[Opening DATA FOR REVIEW section]

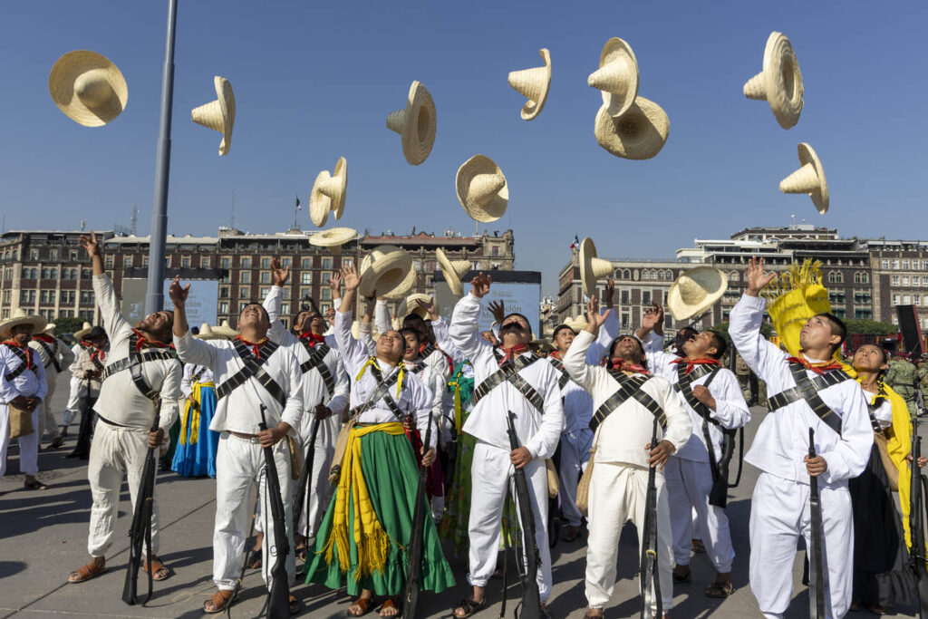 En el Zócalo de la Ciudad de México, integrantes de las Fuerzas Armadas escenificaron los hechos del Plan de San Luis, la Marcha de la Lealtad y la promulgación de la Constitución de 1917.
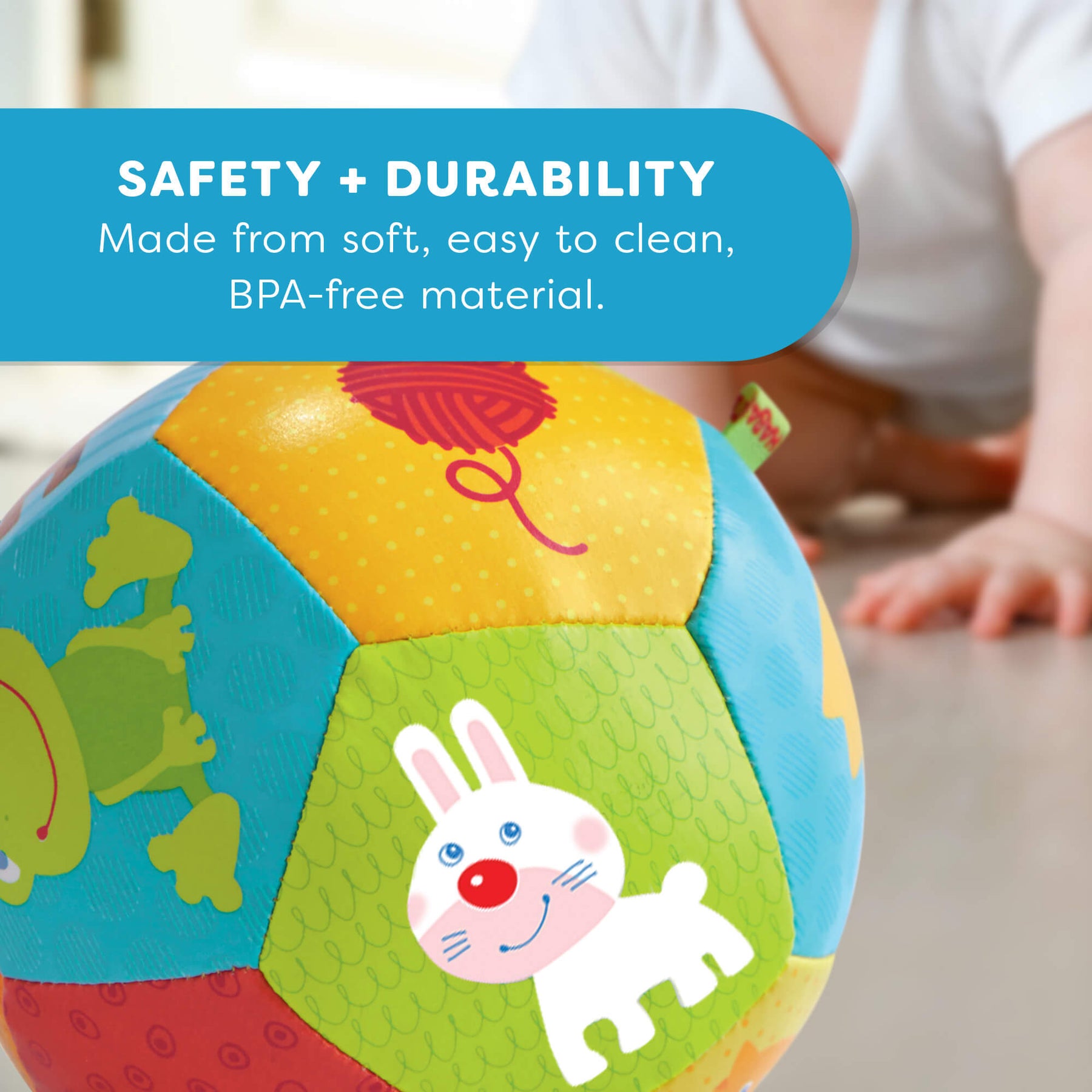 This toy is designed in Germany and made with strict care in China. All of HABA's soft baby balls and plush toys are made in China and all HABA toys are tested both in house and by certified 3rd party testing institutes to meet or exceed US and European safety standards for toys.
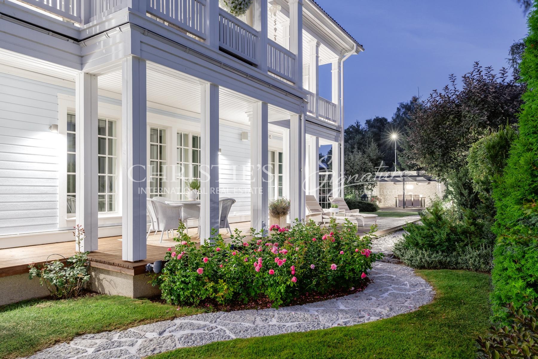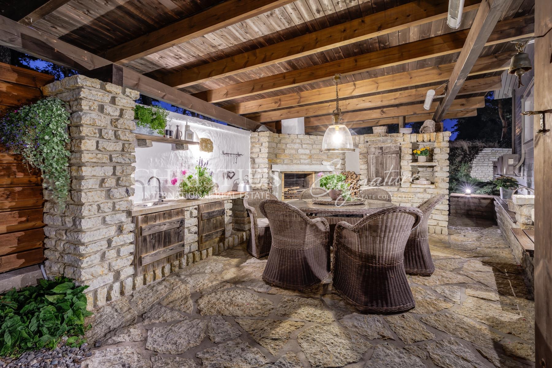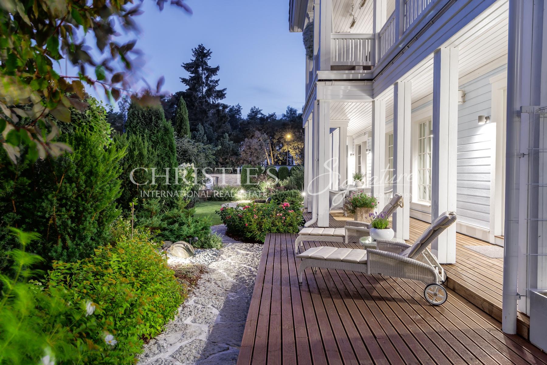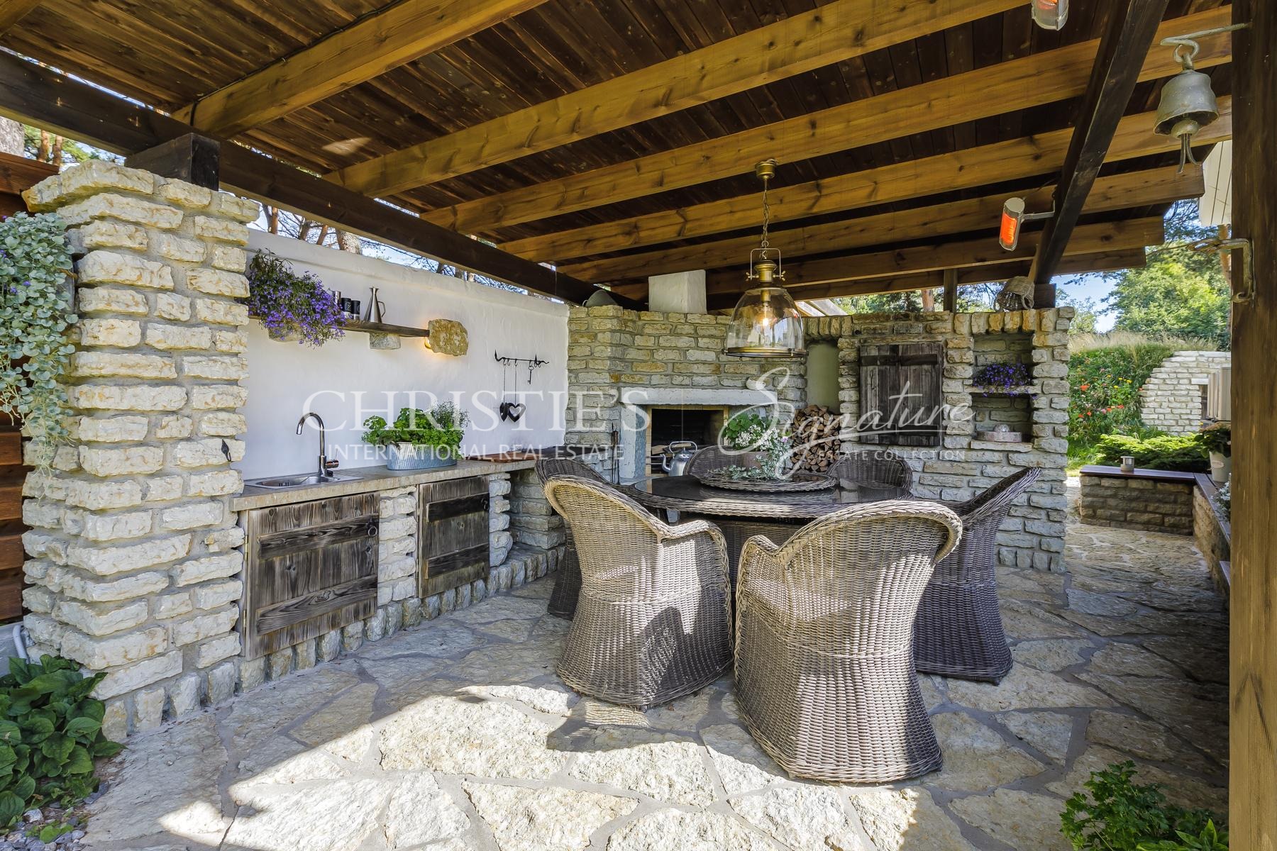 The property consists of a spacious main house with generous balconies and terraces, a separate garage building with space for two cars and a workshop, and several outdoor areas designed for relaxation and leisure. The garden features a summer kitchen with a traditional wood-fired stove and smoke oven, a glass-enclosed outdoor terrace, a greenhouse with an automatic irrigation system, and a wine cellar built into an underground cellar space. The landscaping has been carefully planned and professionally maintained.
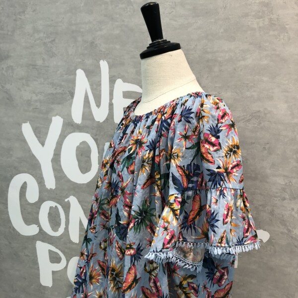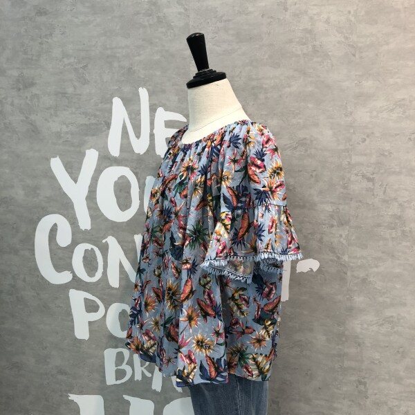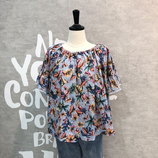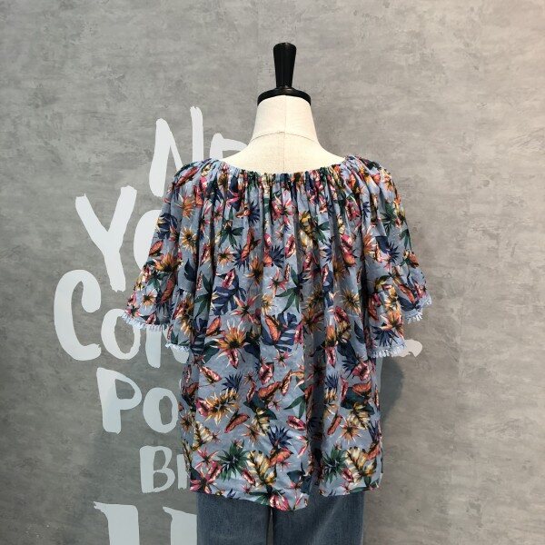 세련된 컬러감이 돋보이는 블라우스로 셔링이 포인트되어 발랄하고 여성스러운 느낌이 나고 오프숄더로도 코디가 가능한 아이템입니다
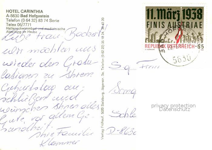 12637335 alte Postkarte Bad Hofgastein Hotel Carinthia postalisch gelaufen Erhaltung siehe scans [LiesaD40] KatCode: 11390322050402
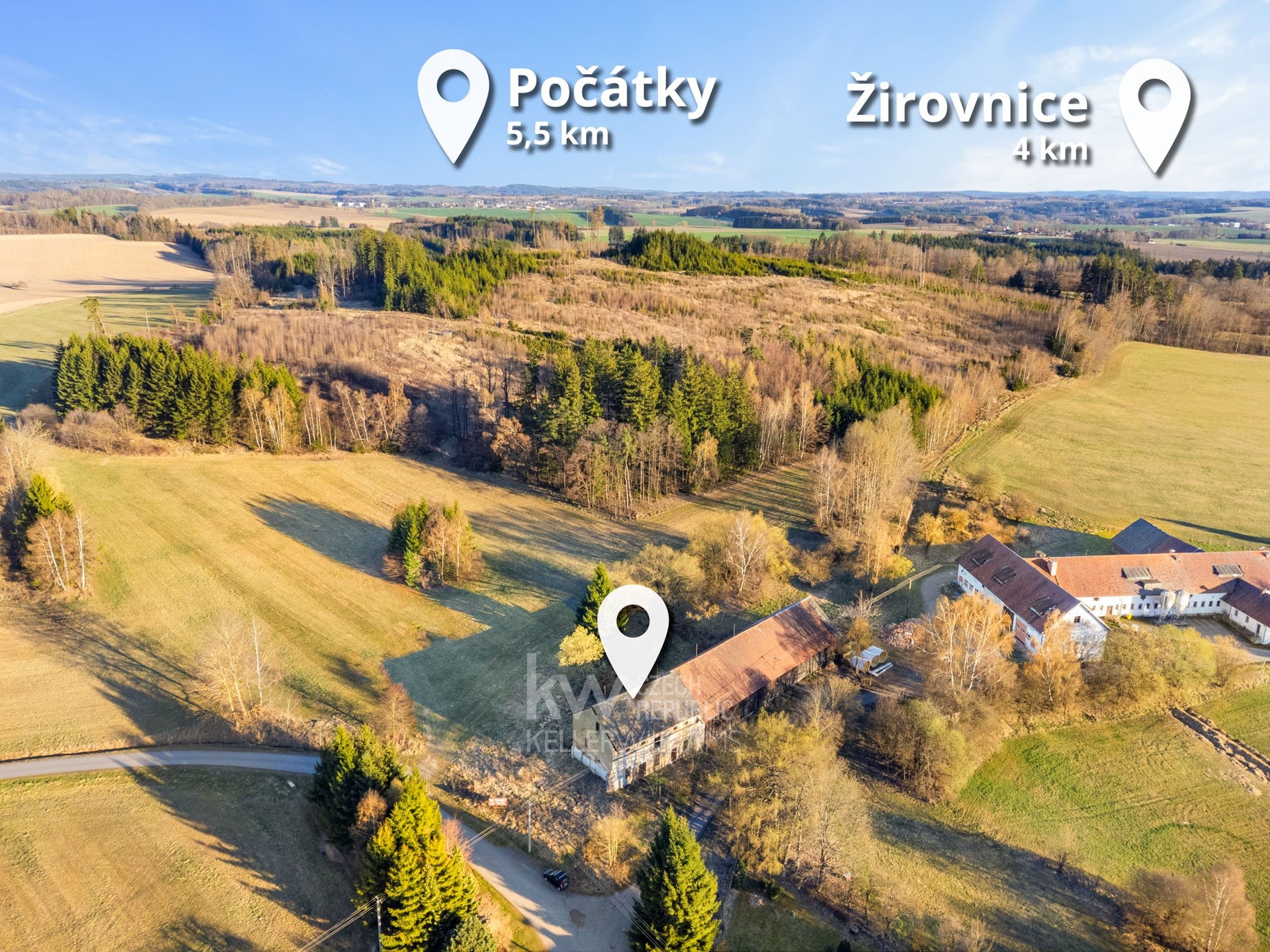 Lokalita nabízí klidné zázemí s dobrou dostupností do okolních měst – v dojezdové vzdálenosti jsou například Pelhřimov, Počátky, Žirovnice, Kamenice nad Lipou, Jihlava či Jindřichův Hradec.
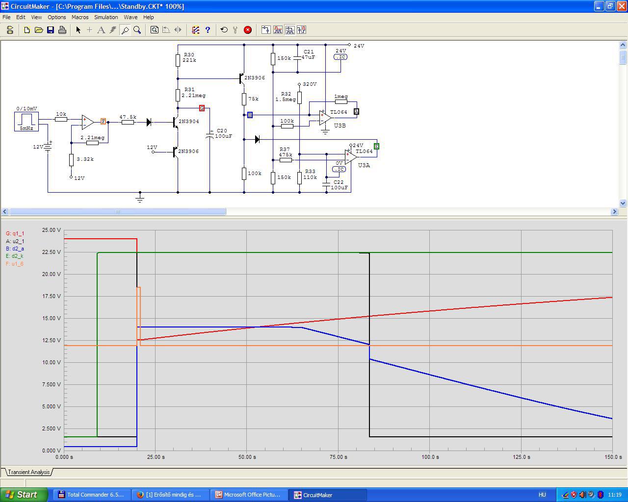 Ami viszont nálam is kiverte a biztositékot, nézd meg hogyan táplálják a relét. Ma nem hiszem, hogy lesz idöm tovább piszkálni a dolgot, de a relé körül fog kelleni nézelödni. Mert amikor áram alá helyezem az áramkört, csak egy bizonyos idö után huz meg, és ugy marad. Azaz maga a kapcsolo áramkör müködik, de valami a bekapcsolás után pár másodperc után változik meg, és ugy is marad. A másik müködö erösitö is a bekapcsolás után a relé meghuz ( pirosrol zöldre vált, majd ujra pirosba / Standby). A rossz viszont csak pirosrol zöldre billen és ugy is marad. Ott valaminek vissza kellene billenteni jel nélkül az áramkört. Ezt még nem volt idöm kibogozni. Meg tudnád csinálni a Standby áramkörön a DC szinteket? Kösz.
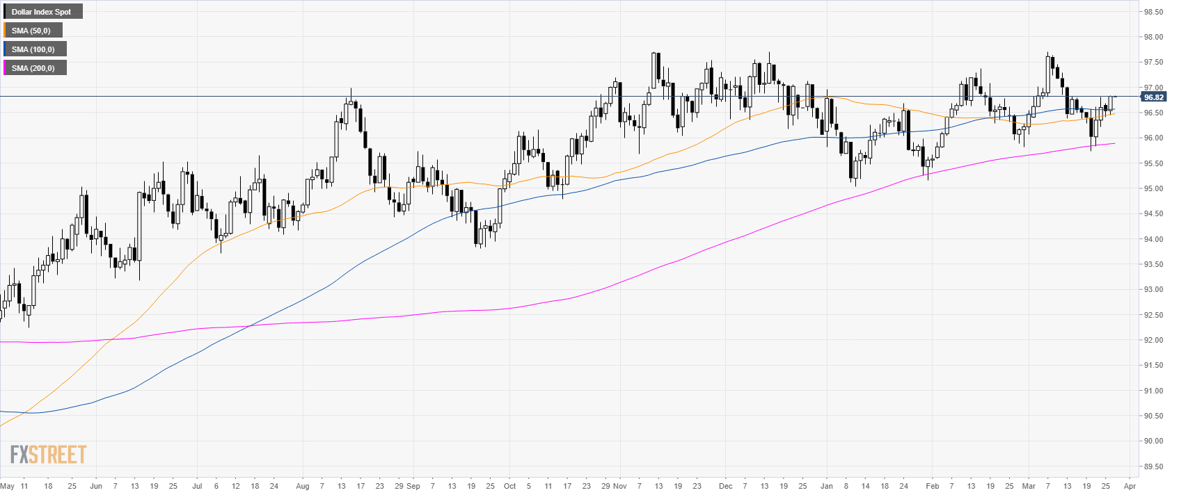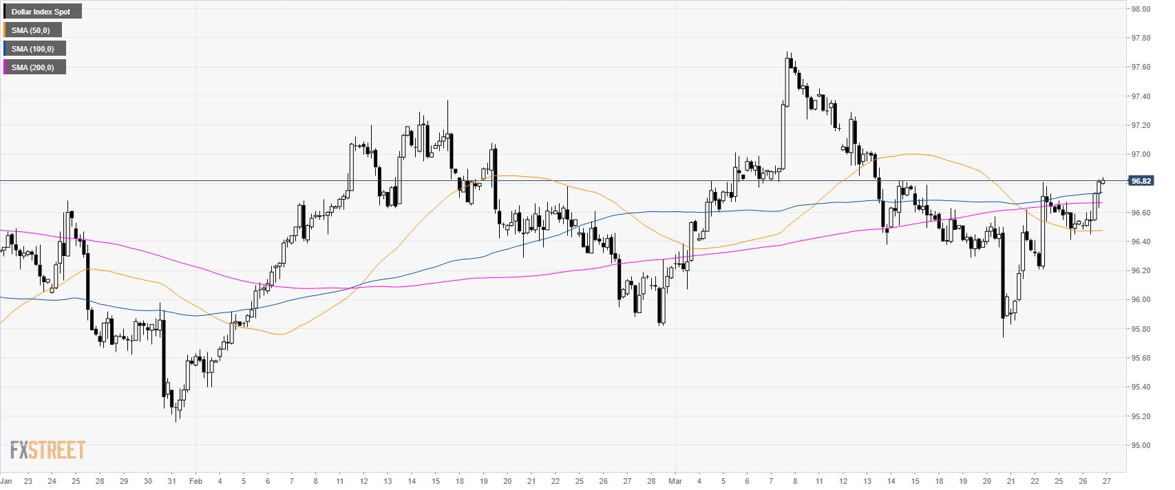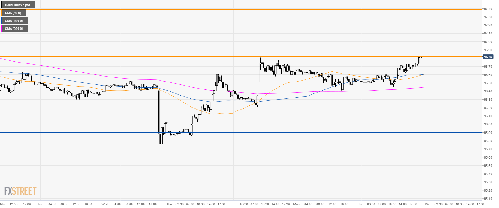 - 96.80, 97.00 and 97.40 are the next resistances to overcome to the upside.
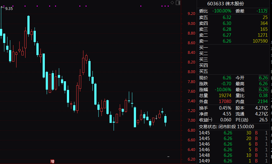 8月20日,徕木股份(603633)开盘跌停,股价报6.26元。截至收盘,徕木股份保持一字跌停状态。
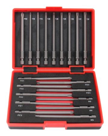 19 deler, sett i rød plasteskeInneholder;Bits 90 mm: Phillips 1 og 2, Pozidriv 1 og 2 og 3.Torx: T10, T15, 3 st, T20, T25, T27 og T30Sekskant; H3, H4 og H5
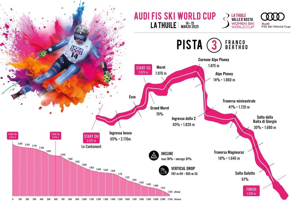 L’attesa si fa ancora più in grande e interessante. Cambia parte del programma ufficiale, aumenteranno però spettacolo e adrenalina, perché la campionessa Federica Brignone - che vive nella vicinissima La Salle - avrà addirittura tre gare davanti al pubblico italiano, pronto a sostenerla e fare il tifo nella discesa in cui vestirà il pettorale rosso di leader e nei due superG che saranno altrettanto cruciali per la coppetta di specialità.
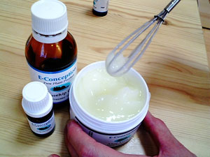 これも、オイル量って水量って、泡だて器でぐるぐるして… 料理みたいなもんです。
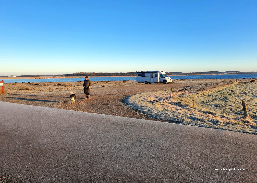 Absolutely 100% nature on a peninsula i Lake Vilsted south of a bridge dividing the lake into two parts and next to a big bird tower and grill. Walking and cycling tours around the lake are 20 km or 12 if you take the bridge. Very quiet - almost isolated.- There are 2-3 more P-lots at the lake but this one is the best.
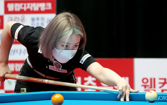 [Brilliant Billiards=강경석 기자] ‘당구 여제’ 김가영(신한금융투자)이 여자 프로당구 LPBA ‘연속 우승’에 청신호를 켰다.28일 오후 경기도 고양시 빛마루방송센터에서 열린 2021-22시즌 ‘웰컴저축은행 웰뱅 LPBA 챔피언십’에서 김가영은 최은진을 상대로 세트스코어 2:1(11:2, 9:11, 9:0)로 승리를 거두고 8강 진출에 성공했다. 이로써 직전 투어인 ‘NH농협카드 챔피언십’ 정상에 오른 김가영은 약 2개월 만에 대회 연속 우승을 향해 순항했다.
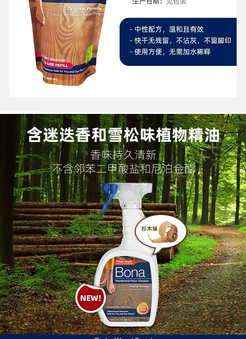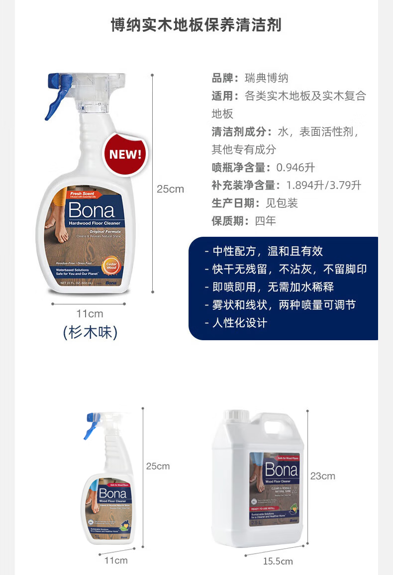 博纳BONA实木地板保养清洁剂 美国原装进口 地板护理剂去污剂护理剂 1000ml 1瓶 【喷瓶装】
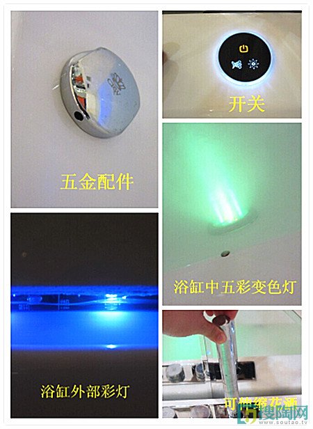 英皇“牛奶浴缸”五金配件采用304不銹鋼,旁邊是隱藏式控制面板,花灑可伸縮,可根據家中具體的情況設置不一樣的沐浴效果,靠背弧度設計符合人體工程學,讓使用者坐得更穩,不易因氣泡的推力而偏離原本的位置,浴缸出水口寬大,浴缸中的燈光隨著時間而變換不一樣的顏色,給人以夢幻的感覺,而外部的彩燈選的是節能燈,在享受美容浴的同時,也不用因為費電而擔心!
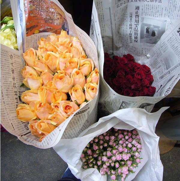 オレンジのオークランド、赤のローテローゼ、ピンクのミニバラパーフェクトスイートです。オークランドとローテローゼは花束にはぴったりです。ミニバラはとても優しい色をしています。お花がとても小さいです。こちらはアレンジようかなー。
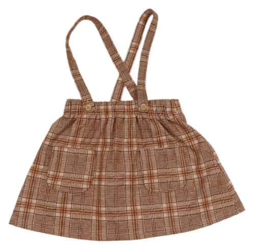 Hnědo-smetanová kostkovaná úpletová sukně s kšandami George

[Closing DATA FOR REVIEW section]

> **EXERCISE BRIEF**
Leave out all pictures and output each line exactly, from the top of the records through the line that holds "Lokalita nabízí klidné".

> **ANSWER SECTION**
 En el Zócalo de la Ciudad de México, integrantes de las Fuerzas Armadas escenificaron los hechos del Plan de San Luis, la Marcha de la Lealtad y la promulgación de la Constitución de 1917.
 This toy is designed in Germany and made with strict care in China. All of HABA's soft baby balls and plush toys are made in China and all HABA toys are tested both in house and by certified 3rd party testing institutes to meet or exceed US and European safety standards for toys.
 The property consists of a spacious main house with generous balconies and terraces, a separate garage building with space for two cars and a workshop, and several outdoor areas designed for relaxation and leisure. The garden features a summer kitchen with a traditional wood-fired stove and smoke oven, a glass-enclosed outdoor terrace, a greenhouse with an automatic irrigation system, and a wine cellar built into an underground cellar space. The landscaping has been carefully planned and professionally maintained.
 세련된 컬러감이 돋보이는 블라우스로 셔링이 포인트되어 발랄하고 여성스러운 느낌이 나고 오프숄더로도 코디가 가능한 아이템입니다
 12637335 alte Postkarte Bad Hofgastein Hotel Carinthia postalisch gelaufen Erhaltung siehe scans [LiesaD40] KatCode: 11390322050402
 Lokalita nabízí klidné zázemí s dobrou dostupností do okolních měst – v dojezdové vzdálenosti jsou například Pelhřimov, Počátky, Žirovnice, Kamenice nad Lipou, Jihlava či Jindřichův Hradec.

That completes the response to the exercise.